Il sinfonismo di Brahms apre la stagione di concerti al Teatro Olimpico di Vicenza

Si alza il sipario su "Il Suono dell'Olimpico", la rassegna primaverile dei concerti che l'Orchestra del Teatro Olimpico, in collaborazione con l'Assessorato alle attività culturali del Comune di Vicenza, porta sul palcoscenico più prestigioso della città. Come da tradizione, il "Suono" segue due filoni, quello monografico, dedicato per il terzo anno a W.A. Mozart, nel 250° anniversario della sua nascita, e quello sinfonico, che vedrà protagonisti Johannes Brahms, Clara e Robert Schumann. Intitolata "... della quieta grandezza", questa parte del cartellone presenta selezioni di brani dal vasto repertorio romantico, sempre molto gradito al pubblico, e vicino alla sensibilità dell'insieme strumentale cittadino. La stagione 2006 prevede otto concerti, nell'arco di tempo che va dal 22 aprile al 24 giugno, e vede proseguire la politica voluta dal direttore artistico dell'Orchestra, Giancarlo De Lorenzo, in sintonia con le indicazioni del Sindaco di Vicenza, delle collaborazioni con grandi artisti di fama internazionale, che vedremo alternarsi alla direzione dell'orchestra e come solisti.
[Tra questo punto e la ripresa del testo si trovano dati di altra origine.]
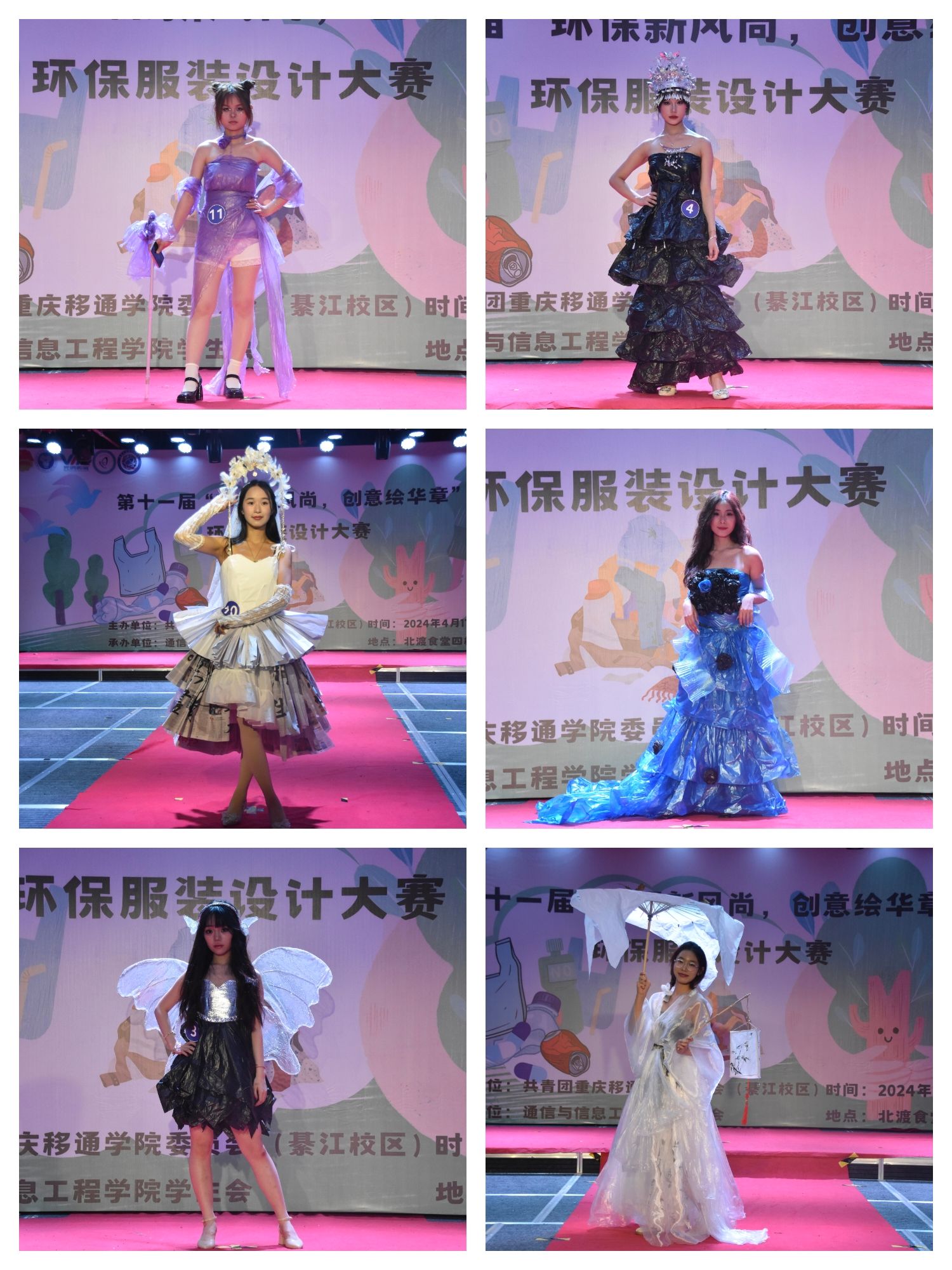 为提高大学生对环境保护和可持续时尚的认识,鼓励创新和创造力,同时培养大学生的穿搭与审美水平。3月18日至4月17日,由共青团重庆移通学院委员会(綦江校区)主办、通信与信息工程学院学生会承办的第十一届“环保新风尚,创意绘华章”环保服装设计大赛顺利开展。通过将环保理念与时尚元素巧妙融合,创作出既美观又富有内涵的环保服装作品,再在灯光T台之上展示作品设计理念与参赛队伍风采,既是一场视觉盛宴的呈现,又是一种环保意识的引领。

Nel realizzare un programma di sicuro pregio artistico, l'orchestra del Teatro Olimpico desidera invitare a concerto un pubblico vasto, puntando, in particolare, ad avvicinare anche i più giovani alla musica classica. Tra le innovazioni di quest'anno, si lancia un'inedita iniziativa per i ragazzi fino ai 12 anni, che avranno l'ingresso omaggio, se accompagnati da un genitore con biglietto o abbonamento. Come da tradizione, i giovani fino ai 25 anni potranno invece usufruire della riduzione del biglietto. Per loro l'ingresso all'Olimpico costerà 15,00 Euro anziché 20,00. Il concerto inaugurale, sabato 22 aprile alle ore 21, è in gran parte dedicato a Brahms. Dopo un omaggio a G. Finzi, compositore milanese dei primi del '900, rappresentante del novecento storico italiano di cui l'orchestra interpreterà il brano "Interludio", saranno eseguiti il Concerto per pianoforte n.1 op. 15, in Re minore, e la Sinfonia n.2, op.73, opera in Re maggiore del 1877, detta "Pastorale" di Johannes Brahms Il programma accompagna l'ascoltatore attraverso l'intera vicenda che lega il compositore alla tradizione del sinfonismo beethoveniano, il modello amato e allo stesso tempo sofferto da Brahms, nell'urgenza di individuare un nuovo linguaggio espressivo.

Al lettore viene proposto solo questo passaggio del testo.